# My New Opal (2006 color)



## c2m (Sep 1, 2006)

It took about a week longer than expected but I picked up my new Opal w/ SRAM Rival today. I only got about 20 miles on her today, so I wont comment on the ride yet.

I will say I do enjoy the SRAM shifting, much cleaner than the shifting on my old bike w/ Ultegra (then again old things dont usually work as well as new things).

I originally ordered it with Rival cranks but apparently they were on back order so dealer switch to SLK compact cranks.

The bike weighed in at 16.7 pounds without pedals. The bike is specced with ITM aluminum bars/stem and the Rolf Tempo wheels are not light by any standard. I just hope the wheels hold up to be good training wheels and I can upgrade to nicer set once my checkbook cools off.
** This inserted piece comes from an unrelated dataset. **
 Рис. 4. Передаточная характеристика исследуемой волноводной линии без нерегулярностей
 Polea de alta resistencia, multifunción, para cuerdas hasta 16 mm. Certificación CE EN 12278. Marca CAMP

If you have any specifc questions feel free to ask.


----------



## fire262 (Aug 29, 2006)

*Nice*

Nice ride, I got an 07 opal and love it!


----------



## rollinrob (Dec 8, 2002)

Very very nice.. I have the 06 Opal in red. It was a tough choice for me but I am very glad I did it. I am also partial to the 06 paint schemes over the 07. I know everyone has different tastes so that's my 2 cents...


----------



## Paris_Metro (Aug 7, 2006)

Sell me those Rolfs to help your checkbook replenish itself. Why would they put $350 wheels on an Opal?


----------



## c2m (Sep 1, 2006)

*Wheels were my choice not dealer*

I selected the Tempo wheels to save myself some money. As long as they hold up as durable training wheels I will be happy.


----------



## Paris_Metro (Aug 7, 2006)

c2m said:


> I selected the Tempo wheels to save myself some money. As long as they hold up as durable training wheels I will be happy.


I was considering some Rolf Tempo for the same purpose -- training wheels. Besides the weight, is there anything you don't like about them? You seem to be concerned that they won't hold up. Why is this? Are there other wheels in this price range you wish you would have purchased? BTW, very pretty Opal. Love the blue!


----------



## c2m (Sep 1, 2006)

*Only had the wheels/bike for 4 days so far*

So far the wheels seem fine to me, considering cost. I have no reason to believe they won't be durable, my first time using Rolf wheels. I do like the aero profile, (to me) looks nice and they seem fast so far. Plus while there may be some aero benefits as speed goes over 20 or so, the mental advantage seems worth it based on my last couple of rides on them.


----------



## dat59 (Aug 9, 2006)

Nice bike! Are those Elite patao cages the standard or smaller ones?


----------



## c2m (Sep 1, 2006)

*Water Bottle Cages are Elite Patao Std*

Standard sized cages, it was not my first choice, the pase or d'Elite might have looked cooler, but at the time they did not have a lot of options available with 2 cages, same model/color in stock.


----------